Source information:
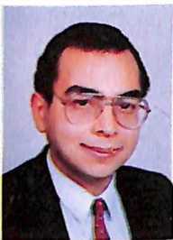
د. أحمد خالد توفيق

اجتمعوا في تلك الليلة يتحدثون عن الرعب .. الرعب الوحشي الأولى الذي لا تدرى له سبباً، كانت لدى كل منهم قصة .. وكان لكل قصة مستمعون ، وهكذا دارت حلقة الرعب ، لكنهم لم يدركوا أن خيوط الفجر الأولى ستسج لهم قصة أكثر هولاً من كل ما حكوه وسمعوه..!
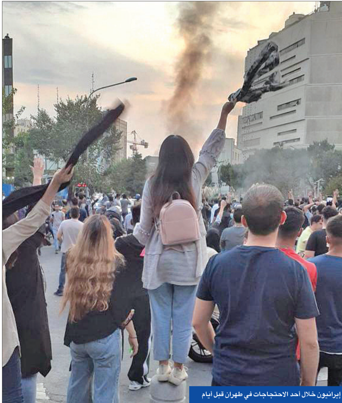
إيرانيون خلال أحد الاحتجاجات في طهران قبل أيام

المتظاهرون يعتمدون تكتيكات جديدة وطهران تهدد بالرد على تدخل واشنطن
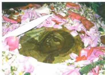
ἽΟ Ἐπιτάφιος τῆς Μονῆς.
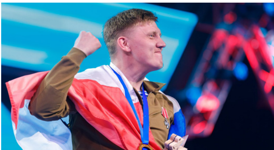
«Кубок защитников Отечества» по зимним видам спорта, Ханты-Мансийск (2025)

регионального уровня. Благодаря совместным усилиям около трех тысяч ветеранов спецоперации с инвалидностью сегодня систематически занимаются различными видами адаптивного спорта, более 500 защитников вошли в спортивные сборные команды субъектов РФ, а около 30 героев — в составы национальных сборных команд. С 2023 г. фонд проводит соревнования «Кубок защитников Отечества». С прошлого года перечень дисциплин этих состязаний значительно расширился: теперь ветераны соревнуются, например, в спортивном метании ножа, а также появились специальные дисциплины для ветеранов с нарушением зрения — пауэрлифтинг и настольный теннис для слепых (шоудаун). Благодаря активному продвижению фондом идеи спортивной реабилитации в России параллельно развивается и общая инфраструктура для занятий адаптивным спортом, доступная теперь не только ветеранам, но и всем гражданам с инвалидностью 10 .
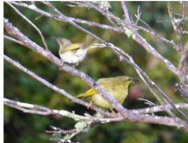
Melysor diaddurn (y bychan) yn dwrdio'r melysor melyn oedd yn tresmasu ar ei diriogaeth. Un blodyn Grevillia oedd ar y llwyn hwn.

Mi welais i 20-30 o felysorion o sawl rhywogaeth yn meddiannu coeden gym fawr. Pob un yn amddiffyn tiriogaeth oedd efallai cyn lleied a rhan o gangen ac yn cynnwys ryw ddwsin neu fwy o flodau. Fel y gallwch feddwl, mi oedd y ffræo a'r cecru rhwng yr adar bach bywiog 'ma yn anhygoel. Y mathau bychain yn amddiffyn yn ffyrnig rhag eu cymdogion ac yna'r rhai mwy (yn rêl bwllis) yn symyd fel a fynon nhw o un cangen i'r llall gan achosi helbul a'r rhegi mwya' ofnadwy ymysg y rhai bychain.
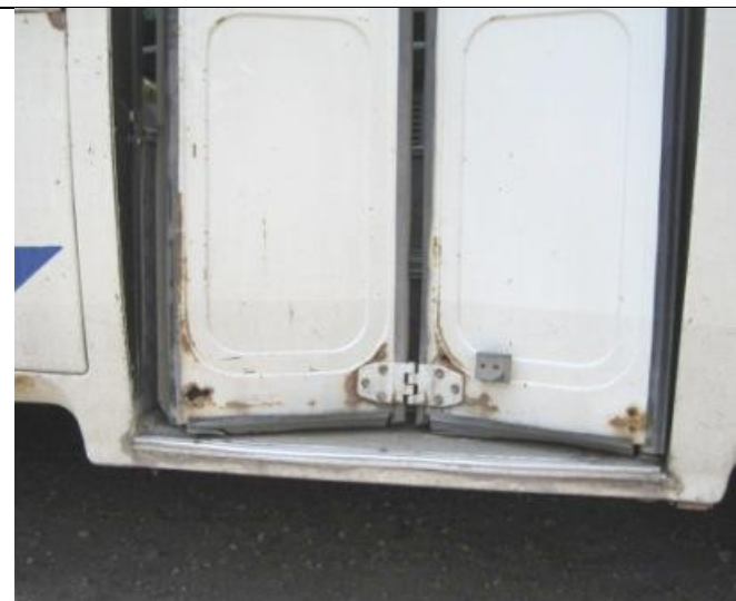
ПАЗ-32053, Дверь не закрывается до конца

How to complete this task: Copy everything above from the line holding "إيرانيون خلال أحد" down to the line holding "спорта, Ханты-Мансийск (2025)", both ends included, exactly as it stands and without the pictures.

Result for this task:
إيرانيون خلال أحد الاحتجاجات في طهران قبل أيام

المتظاهرون يعتمدون تكتيكات جديدة وطهران تهدد بالرد على تدخل واشنطن
ἽΟ Ἐπιτάφιος τῆς Μονῆς.
«Кубок защитников Отечества» по зимним видам спорта, Ханты-Мансийск (2025)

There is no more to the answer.